One enduring constant that my mother and grandmother modeled to us through this economic crisis and so much more that was to come our way in life was their Christian faith. Every Sunday morning during my grade school years Mom and Nona loaded me and Edwin in to my Mom’s old blue 1962 Plymouth Valiant. In those pre seat belt law days, Edwin and I would then scrunch ourselves against the car floor to listen to the gravelly asphalt of the road whiz by below us as the Valiant whooshed its way toward a first generation immigrant Latino church in far away Los Angeles that was ministered to by a man named Pastor Brady.

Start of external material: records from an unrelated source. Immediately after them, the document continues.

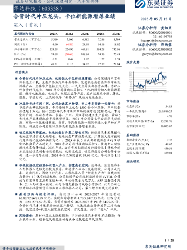【东吴证券】【20250515】华达科技-合资时代冲压龙头,卡位新能源增厚业绩-28页 证券期货研究报告
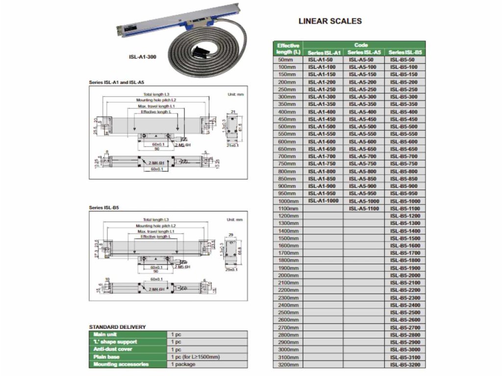 Az Insize lineáris mérőléc szállítmány tartalma: fő egység, "L" alakú tartó, porvédő, lapos alap és szerelési kiegészítők.
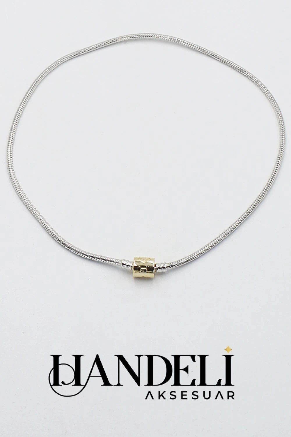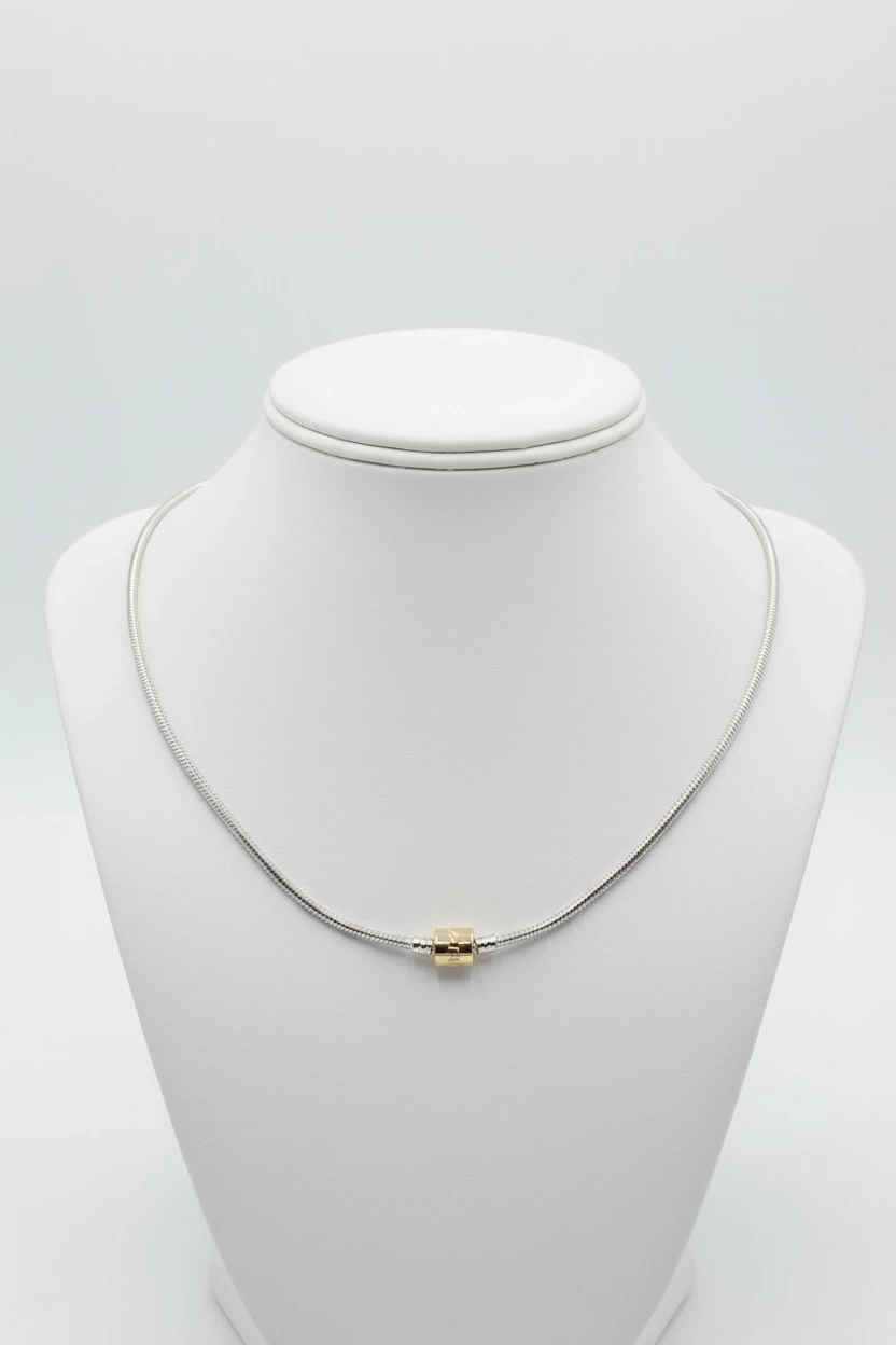 P. Model Silindir Detay Beyaz Altın Kaplama Çelik Kolye
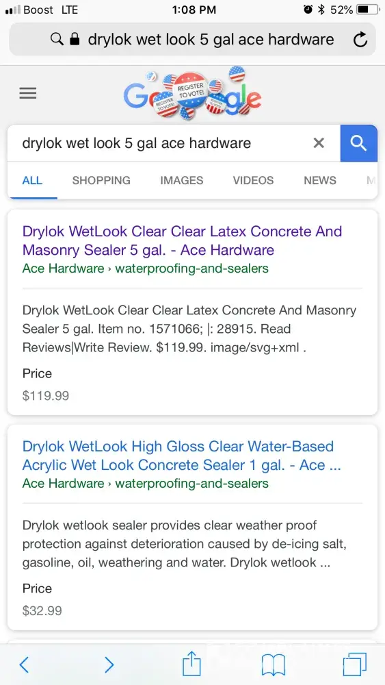 I plainly googled a product #1571066 drylok wet look paver sealer high gloss $119.00 but once u put item in cart it changes to $129.00 same product number and info as advertised, I was asked to send a screen shot as if I was lying, no reps at customer care even attempted to assist advised to call back once they reviewed email. This is ridiculous I've never wasted so much time trying to order a product, I even contacted a store they referred me to the customer service line #Dissapointed in this hardware company not the 1st time given miss info.
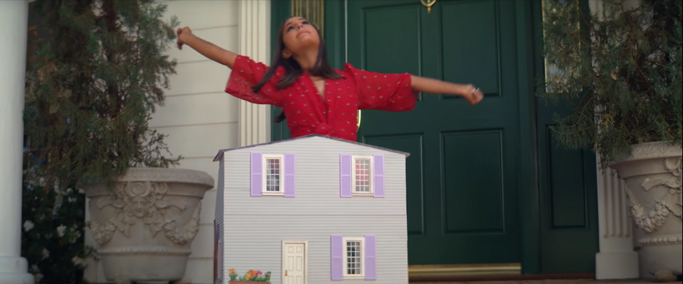She then references "13 Going on 30" (2004) starring Jennifer Garner as a teenager stuck in the body of a 30 year old. Ariana references the scene of the dollhouse on the staircase.

Pastor Brady’s church was huge. The pews me and Edwin sat on lifted us so far up off the floor that that our feet dangled in the air, not touching the carpet underneath. At every service Pastor Brady would call for an offering, saying to the congregation that the offering (ofrenda in Spanish) was “for God” and that God would “count” every penny of every dollar given to Him. I saw that my mom and Nona gave money at every service they attended and that their brows would furl in deep concentration as they prayed for a blessing on the day’s ofrenda. Deeply impressed by Pastor Brady’s pronouncements, I also closely observed how and when the offerings were passed by the church ushers around the pews inside woven baskets with long handles. I noted that after the ushers took the offering baskets to the church foyer behind the sanctuary, they then entered a door opening to a steep flight of stairs leading skywards. I always wanted to follow the ushers up those stairs because I just knew that on the second floor they met up with an angel who would literally count and collect the weekly offering. I was positive the ushers met with an angel because I was quite sure God Himself was too busy to go to every church on the planet to collect offerings in person. Several times I considered telling Mom my theory about how the “ofrendas” made their way to Heaven but I held back, thinking she probably already knew this herself.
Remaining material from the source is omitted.